◆ WHAT THE EXERCISE ASKS: With the pictures left aside, write out exactly the lines of the listing below from the line with "Le récit biblique" to the line with "Visit Proof |", both included, and only those.

◆ DATA SUPPLIED:
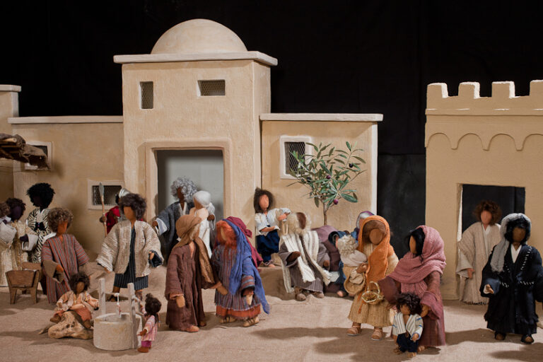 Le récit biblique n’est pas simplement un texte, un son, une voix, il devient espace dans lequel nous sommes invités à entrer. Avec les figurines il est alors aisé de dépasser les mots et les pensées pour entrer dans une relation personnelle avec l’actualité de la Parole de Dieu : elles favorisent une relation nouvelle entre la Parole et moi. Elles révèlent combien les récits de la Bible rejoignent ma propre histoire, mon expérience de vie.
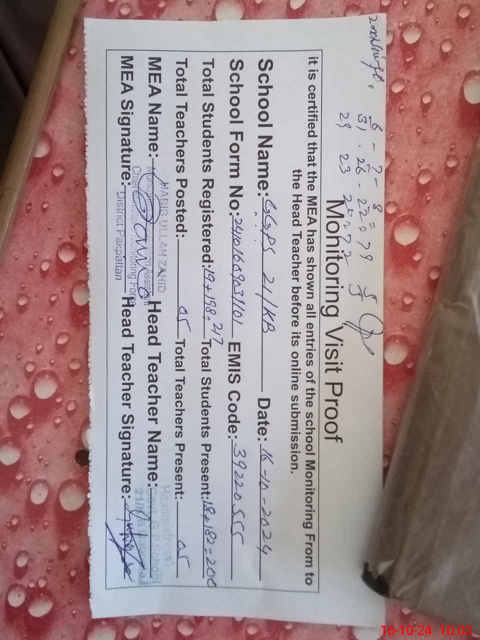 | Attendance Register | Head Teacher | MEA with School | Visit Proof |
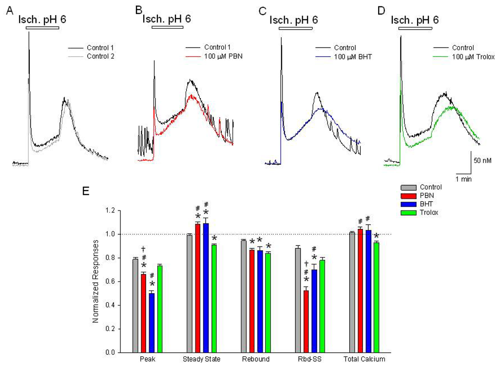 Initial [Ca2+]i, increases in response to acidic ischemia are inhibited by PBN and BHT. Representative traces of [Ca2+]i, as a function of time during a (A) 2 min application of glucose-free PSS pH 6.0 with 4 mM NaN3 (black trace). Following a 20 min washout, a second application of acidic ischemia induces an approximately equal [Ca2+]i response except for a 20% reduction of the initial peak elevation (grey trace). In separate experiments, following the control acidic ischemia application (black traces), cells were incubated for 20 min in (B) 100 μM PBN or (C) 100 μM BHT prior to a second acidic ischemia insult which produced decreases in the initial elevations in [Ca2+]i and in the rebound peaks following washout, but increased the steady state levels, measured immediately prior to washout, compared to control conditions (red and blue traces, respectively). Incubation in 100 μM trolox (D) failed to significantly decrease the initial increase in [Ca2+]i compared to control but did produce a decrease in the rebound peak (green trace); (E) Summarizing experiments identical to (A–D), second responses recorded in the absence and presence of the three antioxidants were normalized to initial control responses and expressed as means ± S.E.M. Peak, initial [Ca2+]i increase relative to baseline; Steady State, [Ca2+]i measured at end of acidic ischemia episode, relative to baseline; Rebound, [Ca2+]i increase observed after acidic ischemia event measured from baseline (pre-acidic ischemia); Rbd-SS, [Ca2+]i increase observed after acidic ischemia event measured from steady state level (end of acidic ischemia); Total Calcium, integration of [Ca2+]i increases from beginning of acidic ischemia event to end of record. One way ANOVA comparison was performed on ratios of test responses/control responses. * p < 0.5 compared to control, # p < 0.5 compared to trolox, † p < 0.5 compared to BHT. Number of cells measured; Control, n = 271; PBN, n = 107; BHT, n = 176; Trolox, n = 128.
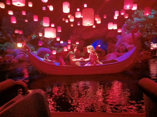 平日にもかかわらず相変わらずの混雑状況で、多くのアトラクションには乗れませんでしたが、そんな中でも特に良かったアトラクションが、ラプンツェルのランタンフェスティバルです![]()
==
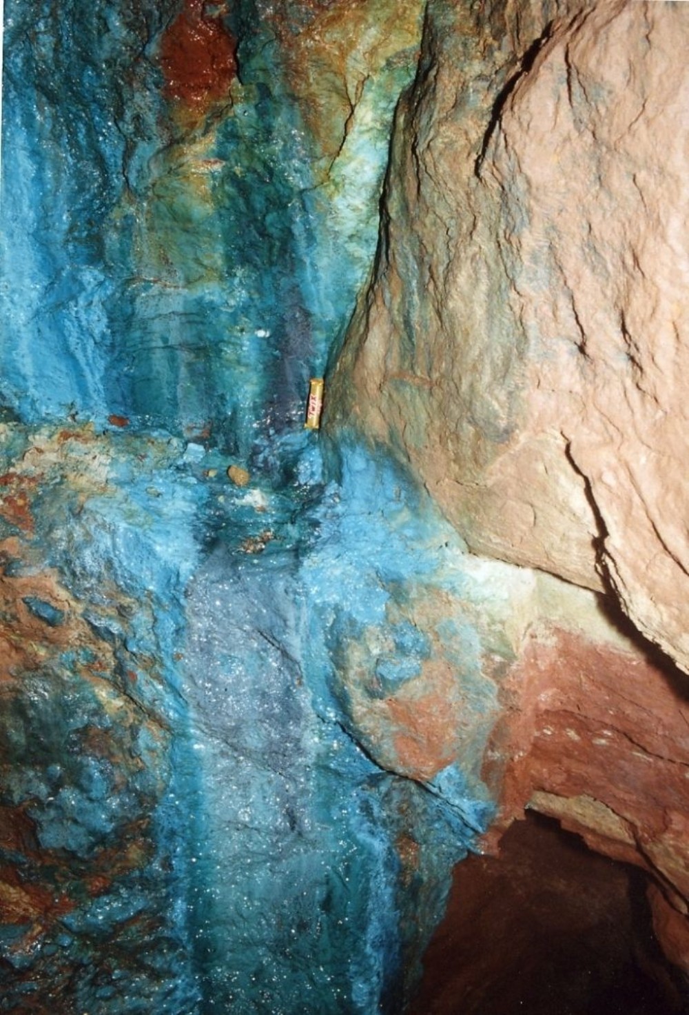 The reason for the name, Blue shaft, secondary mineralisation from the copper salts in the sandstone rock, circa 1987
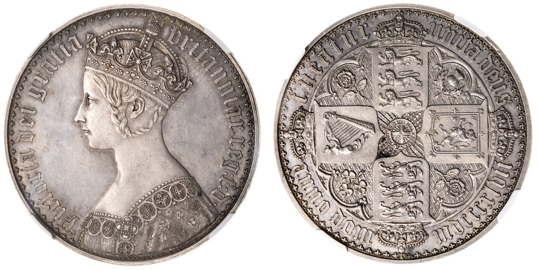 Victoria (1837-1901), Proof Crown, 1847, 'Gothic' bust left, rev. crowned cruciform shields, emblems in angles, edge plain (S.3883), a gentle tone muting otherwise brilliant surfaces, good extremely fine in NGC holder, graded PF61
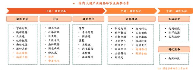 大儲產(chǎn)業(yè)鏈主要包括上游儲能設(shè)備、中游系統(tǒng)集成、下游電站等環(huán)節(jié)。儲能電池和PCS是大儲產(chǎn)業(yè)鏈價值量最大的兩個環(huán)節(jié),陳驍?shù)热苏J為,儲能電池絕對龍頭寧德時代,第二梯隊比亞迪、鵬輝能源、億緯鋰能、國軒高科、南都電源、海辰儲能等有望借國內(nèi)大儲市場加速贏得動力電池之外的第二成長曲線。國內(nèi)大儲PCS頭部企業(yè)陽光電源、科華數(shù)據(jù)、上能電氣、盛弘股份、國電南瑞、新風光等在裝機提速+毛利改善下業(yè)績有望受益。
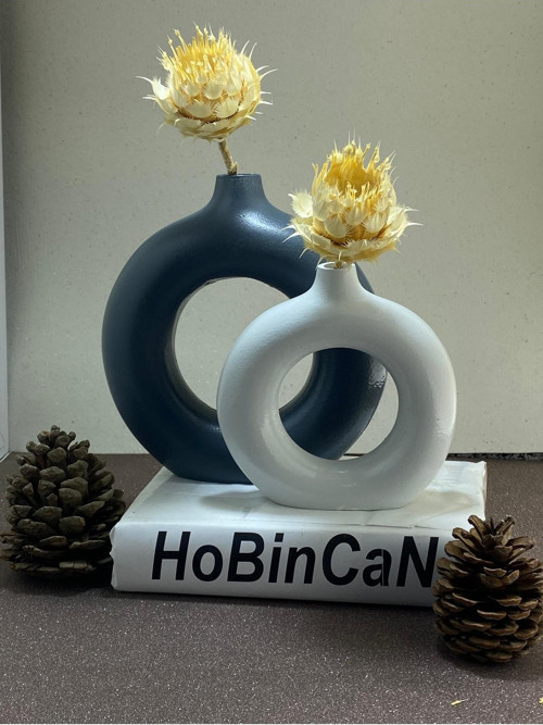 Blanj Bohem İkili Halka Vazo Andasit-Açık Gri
---
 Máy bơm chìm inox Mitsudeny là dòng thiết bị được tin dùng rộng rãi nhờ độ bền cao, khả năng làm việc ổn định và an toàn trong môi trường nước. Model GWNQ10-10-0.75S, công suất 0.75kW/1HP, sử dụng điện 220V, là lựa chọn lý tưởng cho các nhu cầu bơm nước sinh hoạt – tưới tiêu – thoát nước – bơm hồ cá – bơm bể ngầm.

◆ ANSWER TO THIS PROBLEM:
 Le récit biblique n’est pas simplement un texte, un son, une voix, il devient espace dans lequel nous sommes invités à entrer. Avec les figurines il est alors aisé de dépasser les mots et les pensées pour entrer dans une relation personnelle avec l’actualité de la Parole de Dieu : elles favorisent une relation nouvelle entre la Parole et moi. Elles révèlent combien les récits de la Bible rejoignent ma propre histoire, mon expérience de vie.
 | Attendance Register | Head Teacher | MEA with School | Visit Proof |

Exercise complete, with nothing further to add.